━━━ DATA SUPPLIED ━━━

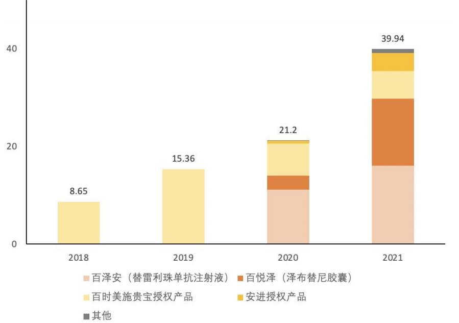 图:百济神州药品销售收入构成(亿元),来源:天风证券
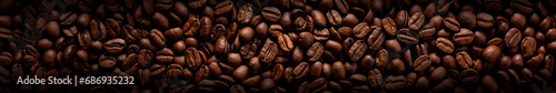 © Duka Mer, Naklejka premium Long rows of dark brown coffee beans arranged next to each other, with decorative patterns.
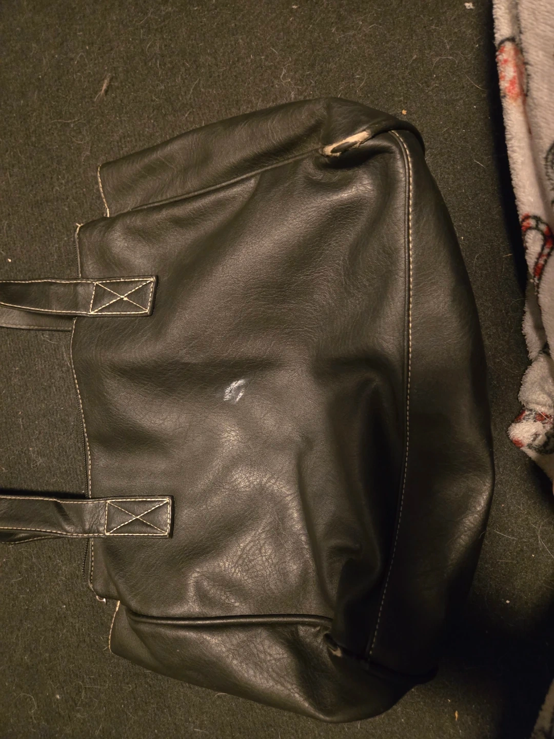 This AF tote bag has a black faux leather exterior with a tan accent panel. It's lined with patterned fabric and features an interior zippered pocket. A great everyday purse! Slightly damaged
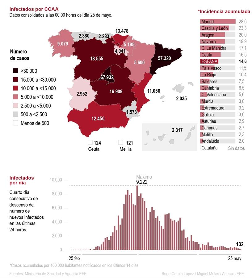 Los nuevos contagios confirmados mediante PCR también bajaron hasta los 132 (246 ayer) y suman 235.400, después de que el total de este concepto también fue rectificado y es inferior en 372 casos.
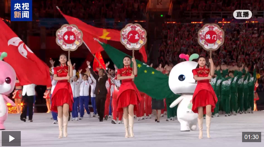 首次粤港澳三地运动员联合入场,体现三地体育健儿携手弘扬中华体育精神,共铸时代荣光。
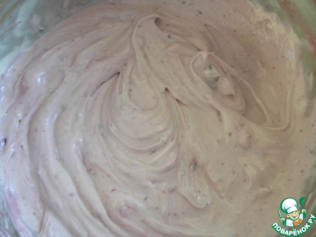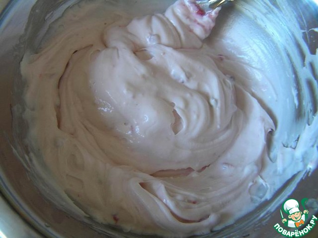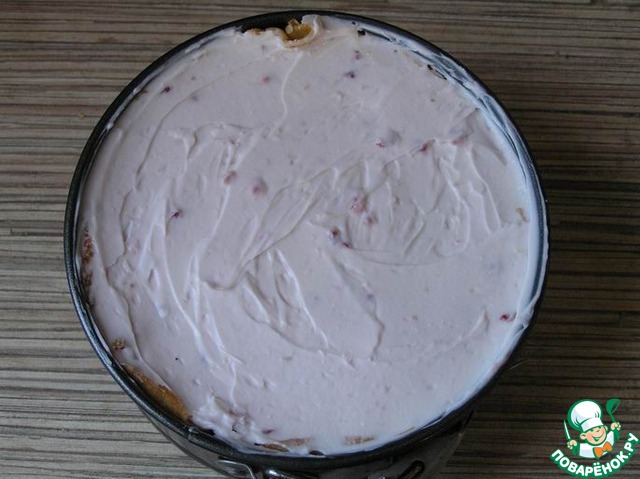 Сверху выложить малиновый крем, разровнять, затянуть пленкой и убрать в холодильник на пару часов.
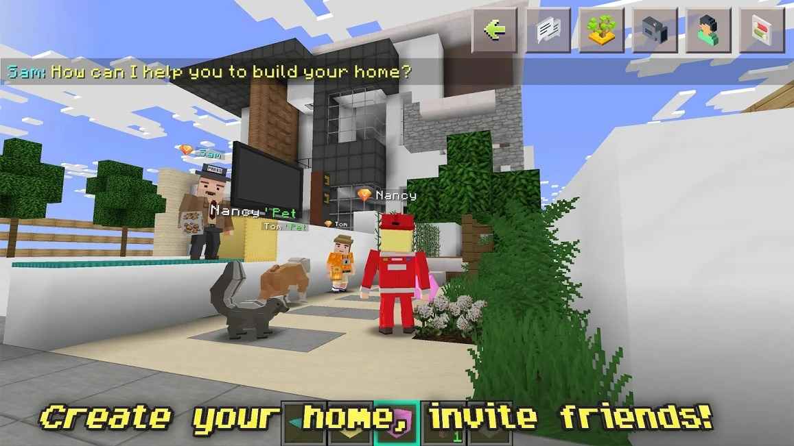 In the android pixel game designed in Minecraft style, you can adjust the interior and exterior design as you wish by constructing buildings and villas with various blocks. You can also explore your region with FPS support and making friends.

━━━

- _PROMPT_: In repeating the lines above, keep the wording exact and leave every picture out.

- _FINISHED TASK_:
 图:百济神州药品销售收入构成(亿元),来源:天风证券
 © Duka Mer, Naklejka premium Long rows of dark brown coffee beans arranged next to each other, with decorative patterns.
 This AF tote bag has a black faux leather exterior with a tan accent panel. It's lined with patterned fabric and features an interior zippered pocket. A great everyday purse! Slightly damaged
 Los nuevos contagios confirmados mediante PCR también bajaron hasta los 132 (246 ayer) y suman 235.400, después de que el total de este concepto también fue rectificado y es inferior en 372 casos.
 首次粤港澳三地运动员联合入场,体现三地体育健儿携手弘扬中华体育精神,共铸时代荣光。
 Сверху выложить малиновый крем, разровнять, затянуть пленкой и убрать в холодильник на пару часов.
 In the android pixel game designed in Minecraft style, you can adjust the interior and exterior design as you wish by constructing buildings and villas with various blocks. You can also explore your region with FPS support and making friends.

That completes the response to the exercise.